We’ll select a set of other relevant variables from this dataset. These are:
## seadist religion marital eduyears
## Min. :0.0000003 Min. :1.000 Min. :0.0000 Min. : 0.00
## 1st Qu.:0.1660690 1st Qu.:1.000 1st Qu.:0.0000 1st Qu.: 0.00
## Median :0.4335949 Median :2.000 Median :1.0000 Median : 6.00
## Mean :0.4667388 Mean :2.256 Mean :0.7872 Mean : 5.46
## 3rd Qu.:0.7496447 3rd Qu.:3.000 3rd Qu.:1.0000 3rd Qu.: 9.00
## Max. :1.7160016 Max. :7.000 Max. :5.0000 Max. :24.00
## NA's :128
When you analyze data in R, you will at some stage want to produce tables that can be included in your written work. The stargazer package is particularly useful for these purposes. To produce a summary table in plain text format, we can simply type:
##
## ================================================================
## Statistic N Mean St. Dev. Min Pctl(25) Pctl(75) Max
## ----------------------------------------------------------------
## seadist 88,171 0.467 0.337 0.00000 0.166 0.750 1.716
## religion 88,171 2.256 1.458 1 1 3 7
## marital 88,171 0.787 0.919 0 0 1 5
## eduyears 88,043 5.460 4.699 0.000 0.000 9.000 24.000
## ----------------------------------------------------------------
And if wanted to format the variable names to something more informative than the abbreviated format in which they appear in the dataset, we could type
stargazer(sumdata, type = "text",
covariate.labels=c("Distance to the sea",
"Religion",
"Marital status",
"Education"))
##
## ==========================================================================
## Statistic N Mean St. Dev. Min Pctl(25) Pctl(75) Max
## --------------------------------------------------------------------------
## Distance to the sea 88,171 0.467 0.337 0.00000 0.166 0.750 1.716
## Religion 88,171 2.256 1.458 1 1 3 7
## Marital status 88,171 0.787 0.919 0 0 1 5
## Education 88,043 5.460 4.699 0.000 0.000 9.000 24.000
## --------------------------------------------------------------------------
You can consult the documentation for the stargazer package here. To save the output directly to word, we just need to change the type
option to "html"
and specify the name of the table document after out =
as below:
stargazer(sumdata, type = "html",
covariate.labels=c("Distance to the sea",
"Religion",
"Marital status",
"Education"),
out = "mysummarytable.doc")
The key variables of focus in the article by by Michalopoulos and Papaioannou are those in columns 8 and 11 of the variable codebook above.

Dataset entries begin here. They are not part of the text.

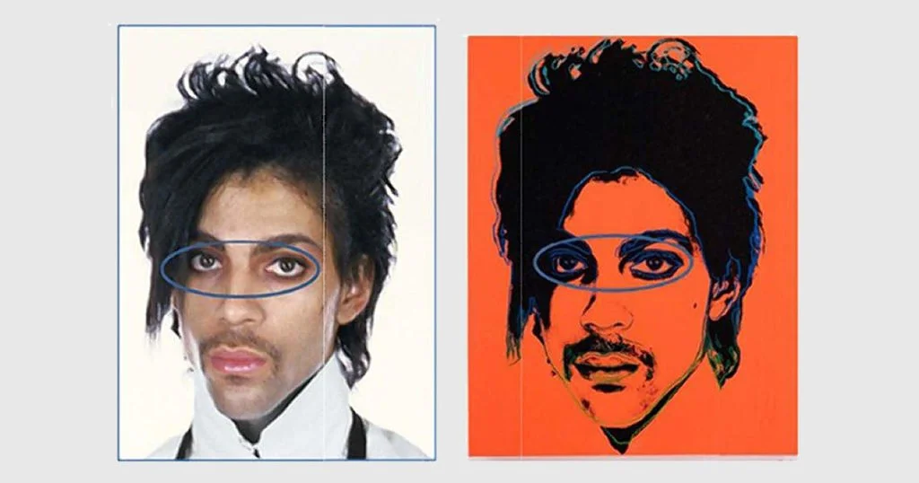 The original Lynn Goldsmith photograph (left) and Andy Warhol's Prince portrait of the musician (right), as reproduced in court documents.
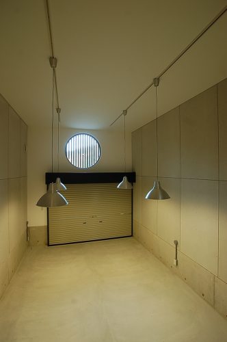 あえてコンクリート打ちっぱなしの無機質な雰囲気としながら、シャッターの上の丸窓に雨楽な家らしさも感じます。
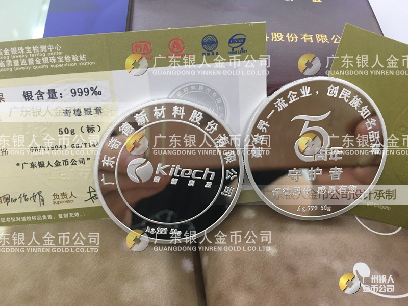 奇德新材料公司作為一家新材料、新能源公司,是國家級高新技術企業,為表彰獎勵5周年老員工定制銀牌。
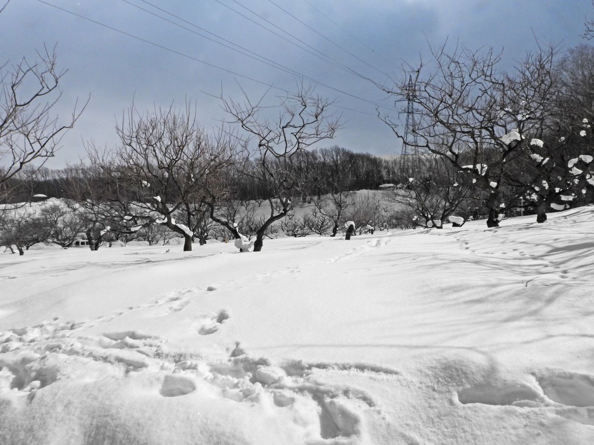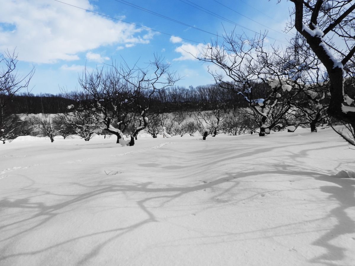 積雪は表面が硬くなってきて、長靴でも埋まらないで歩けるようになってきました。
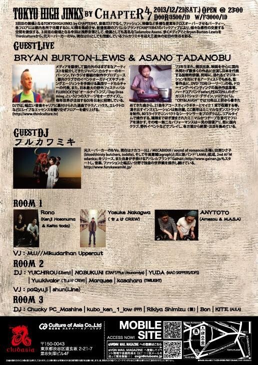 歩くメディアこと Bryan Burton-Lewis と俳優としての活躍も目覚ましいAsano TadanobuによるSpecial Live Set と、
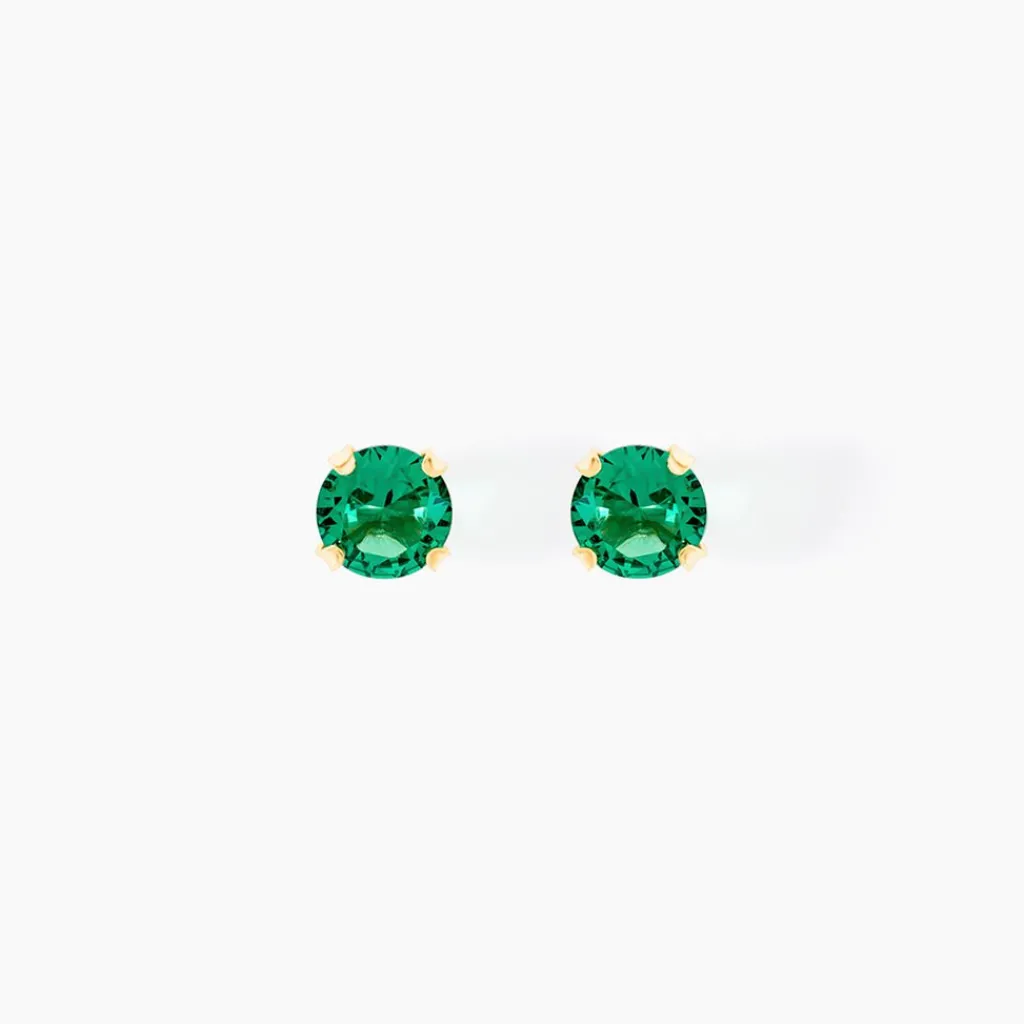 Boucles D’oreilles Puces Or Jaune 375/1000 Oxyde De Zirconium Verts 4mm
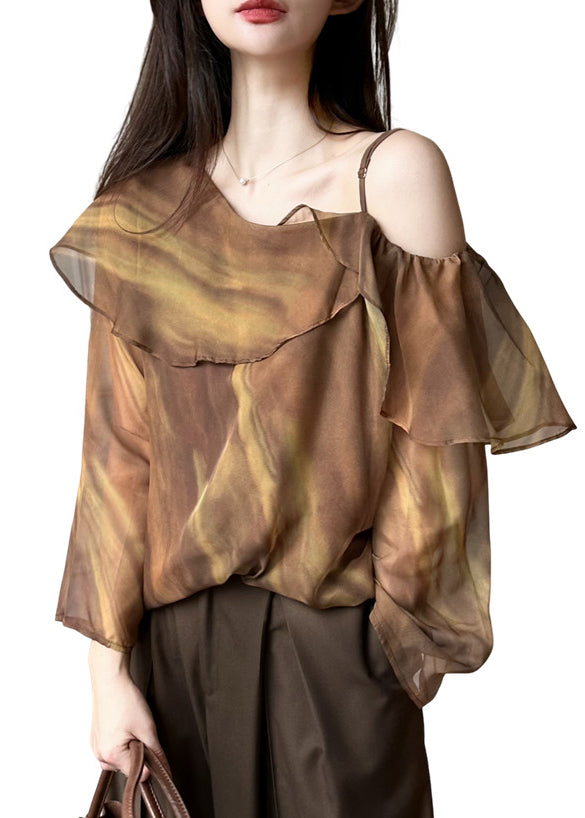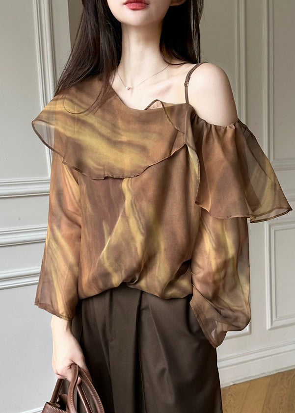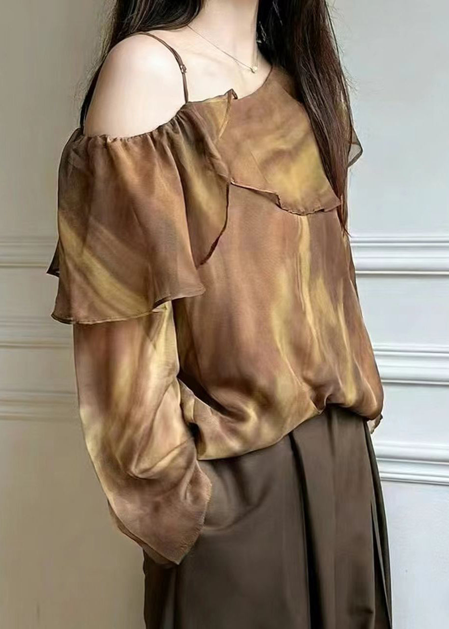 Beautiful Brown One Shoulder Tie Dye Chiffon Blouse Top Spring
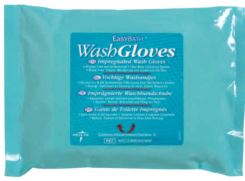 A mosdatókesztyűk is nyolcasával vannak csomagolva. Kialakításuk lehetővé teszi, hogy ráhúzzuk kezünkre, így kényelmesebb a mosdatás. Antibakteriális változatban is forgalomba kerülnek. Kisebb termetű páciensek, vagy gyermekek mosdatásához öt darabos csomagolásban is rendelkezésre állnak.

Column 8 in the dataframe records whether or not the respondent lives in a partitioned ethnic homeland. This is the main independent variable of interest in the article by Michalopoulos and Papaioannou. The wealth variable in column 11 is split into five categories, or quantiles, reflecting lower to higher wealth. In the article we read, Michalopoulos and Papaioannou find that those residing in partitioned areas were likely to have low wealth scores relative to respondents in non-partitioned areas.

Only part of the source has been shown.